Um dia pagou 200 reais por um galo só porque ele “cantava bonito”.
Nos seus 40 anos tinha visto muita coisa mudar, mas ele mesmo, nunca saíra daqui.
E outro dia,  leu o poema de Fernando Pessoa que está na capela, seus olhos se encheram de água e me pediu uma cópia.
E comprou um cachorro, adorava o cachorro. Mas  o cachorro comeu o galo . Pegou a espingarda e deu um tiro no meio da testa do seu companheiro de banho nas águas frias, pois só tomava banho de rio.
Aí quis ir embora. Chorou  muito. Disse ser uma pessoa suja, imprestável.  E foi.  Despareceu na capineira.
Um ano depois o soubemos preso. Tinha passado a roçadeira na irmã.
Após temporada em manicômio, pagando cesta básica para alguma instituição foi solto.
Um ano depois soubemos de sua morte. Atropelado pois pedalava bem  no meio da estrada. 

Acidente ou escolha? 

quarta-feira, 10 de julho de 2013

Fotografar


Há 8 nos que moro nas montanhas. A  princípio descobri-me daltônica nos tons de verde, eram tantos! E eu não os via assim como não via pássaros, tampouco os ouvia. E os erres interiorioranos me apontavam as folhas e diziam seus nomes. Também não os compreendia. Aos poucos,como quem vê um estereograma pela primeira vez, as formas , as folhas, os nomes, foram surgindo perante meus olhos e ouvidos estarrecidos. Estava feita a ligação.
Diariamente caminho nessas terras altas. Se embaixo, minha casa azul-“ porque é bom viver no azul, amor”- surge entre as folhagens lembrando-me um canto das bandeirantes  “ no alto da montanha há um lindo chalé” . Se estou no alto, ela aparece aconchegada pelas montanhas que a abraçam com um carinho comovente.
Há 8 anos que passo pelas mesmas trilhas e não há um dia sequer que uma novidade não surja!É a folha que caiu, é a flor que nasceu, é buraco de tatu, é o condomínio dos cupins que recebeu buraco de cobra cascavel. E as nuvens entram pela janela da casa azul para namorarem o vapor do cafezinho  recém passado no pano.
Então, fotografo. Talvez para aprisionar um trecho de beleza e aprender com ela a querer mais. Dificilmente os registros serão revistos mais que dez vezes . São tantos!  Olha! Um tucano voando entre as grades de uma gaiola de nuvem! Clico aflita para engaiolar esse momento.  Mas aí, um beija-flor passa raspando pelos meus ouvidos, ah! são dois! E o coração acelera, a respiração em suspenso para eles não fugirem, dedos nervosos tiram a tampa da objetiva.. e, voyeur,  testemunho uma cena íntima, tão rápida que me deixa na dúvida se realmente existiu, mas meu coração sabe do privilégio de estar presente no milagre da criação.
Fotografar torna-se um pouco mais difícil com os olhos embaçados da emoção, enxugo com a ponta da camiseta 5 números acima do meu e continuo nessa caça ao tesouro que nunca me frustra pois moro num caleidoscópio de maravilhas, por todo lado é beleza em movimento.
Tenho preferências: a silhueta, o diminuto e o através.  São eles que me chamam atenção e click! Mais uma foto.  Na amplidão da paisagem se minha pequenez se evidencia, torno-me cúmplice de tudo, seja pedra, aranha , flor, folha rasgada ou passarinho. Entendemo-nos bem, então. Estamos em iguais condições como a formiguinha e a neve, sempre um maior que o outro e assim tudo é igual.

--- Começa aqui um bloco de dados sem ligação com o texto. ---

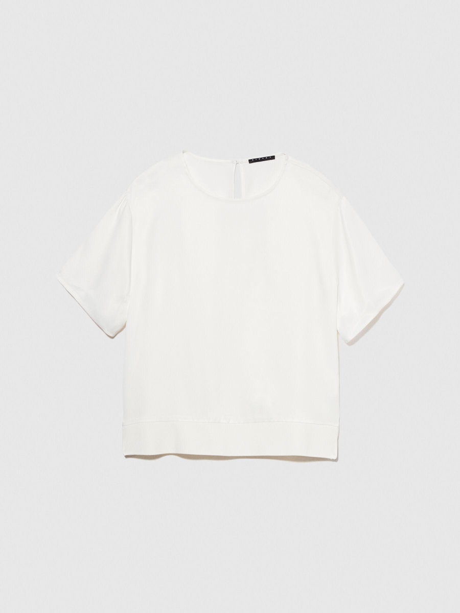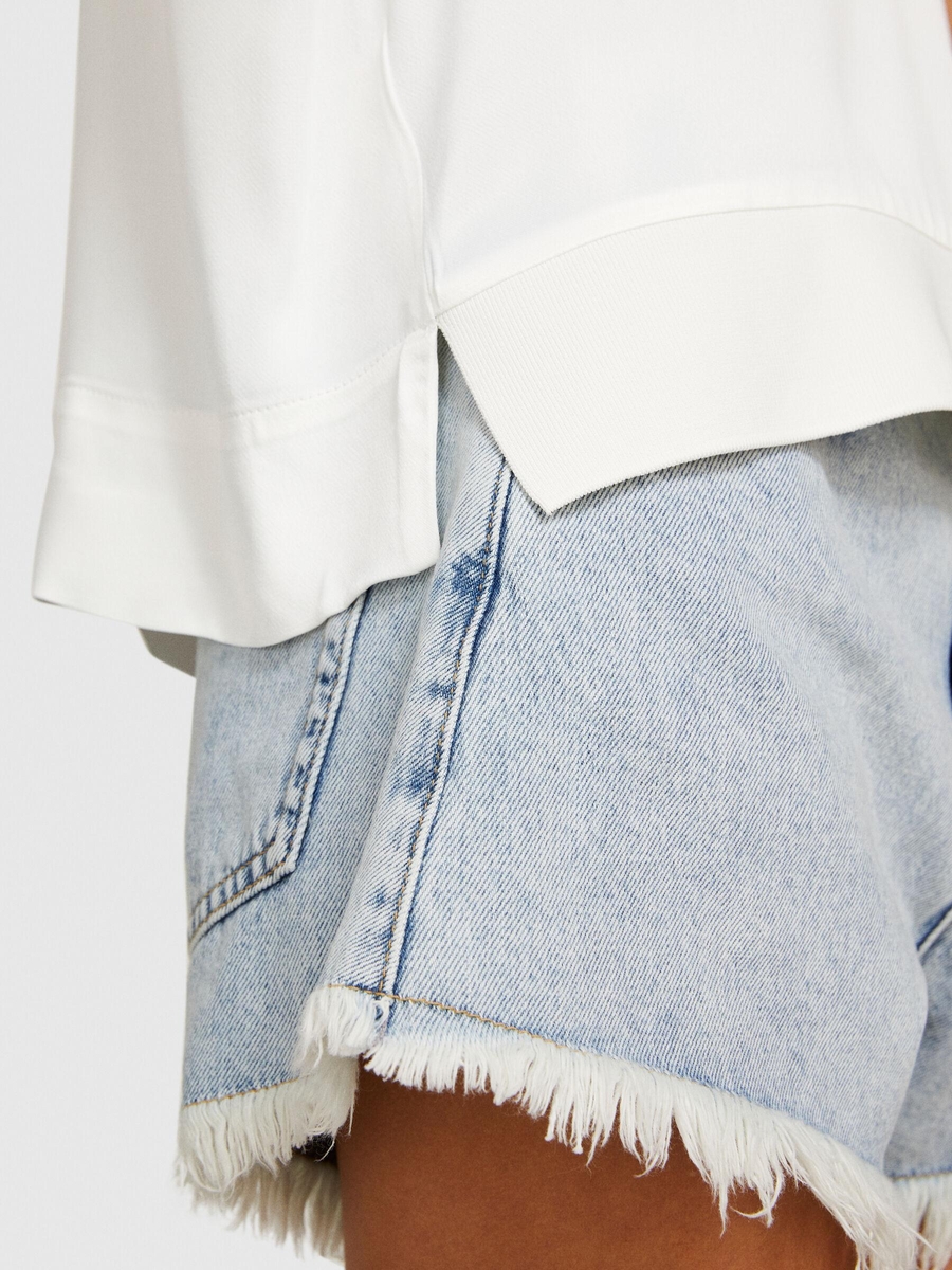 %100 Viskoz Etek Ucu Ribanalı Yırtmaçlı Geniş Yaka Bluz Kadın Beyaz Bluz - 324P52BZLQ075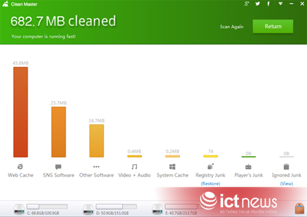 Hiện nay có nhiều phần mềm bên thứ ba có thể giúp bạn thực hiện điều này, một trong số đó là Clean Master - công cụ đã quá nổi tiếng trong cộng đồng người dùng Android và iOS, và hiện nay nó đã có phiên bản dành cho Windows.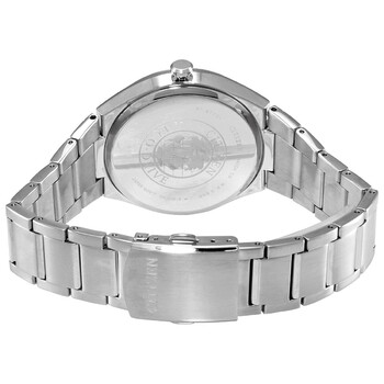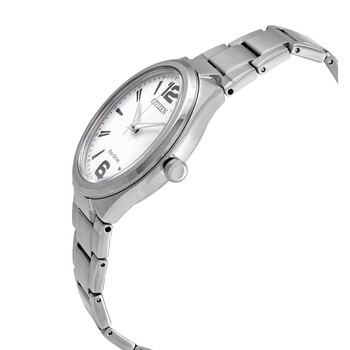 Stainless steel case with a stainless steel bracelet. Fixed stainless steel bezel. Silver dial with luminous silver-tone hands and index hour markers. Arabic numerals appear at the 6 and 12 o'clock positions. Minute markers around the outer rim. Dial Type: Analog. Luminescent hands and markers. Date display at the 3 o'clock position. Citizen caliber J180 eco-drive movement. Scratch resistant mineral crystal. Pull / push crown. Solid case back. Round case shape. Case size: 41 mm. Case thickness: 11 mm. Band width: 16 mm / 21 mm. Fold over clasp with a push button release. Water resistant at 50 meters / 165 feet. Functions: date, hour, minute, second. Casual watch style. Watch label: Japan Movt. Citizen Silver Dial Stainless Steel Men's Watch AW1370-51B.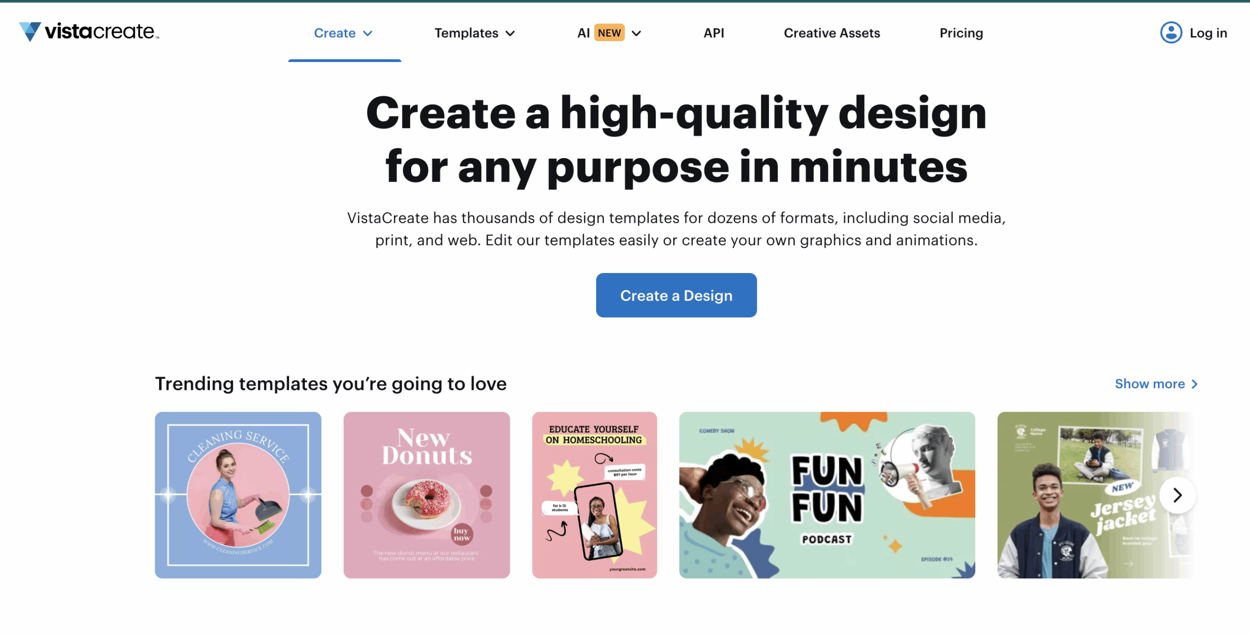 VistaCreate ofrece diseño automatizado con plantillas inteligentes, ajuste automático de formato y sugerencias visuales. Permite crear publicaciones para redes, anuncios y presentaciones con ayuda de IA, manteniendo coherencia visual en las marcas.

E eles, por sua vez, parecem os biscoitos da Alice com o convite escrito : “fotografe-me”! Obedeço.  Às vezes , minha vista cansada sente que colheu um minuto muito especial de cor e forma. E às vezes ela está certa. Outras, ampliado pela tela do computador,  ó decepção! O passarinho voou! A borboleta fechou as asas! O vento levou, a vista falhou. Mas não zango.Amanhã tem mais.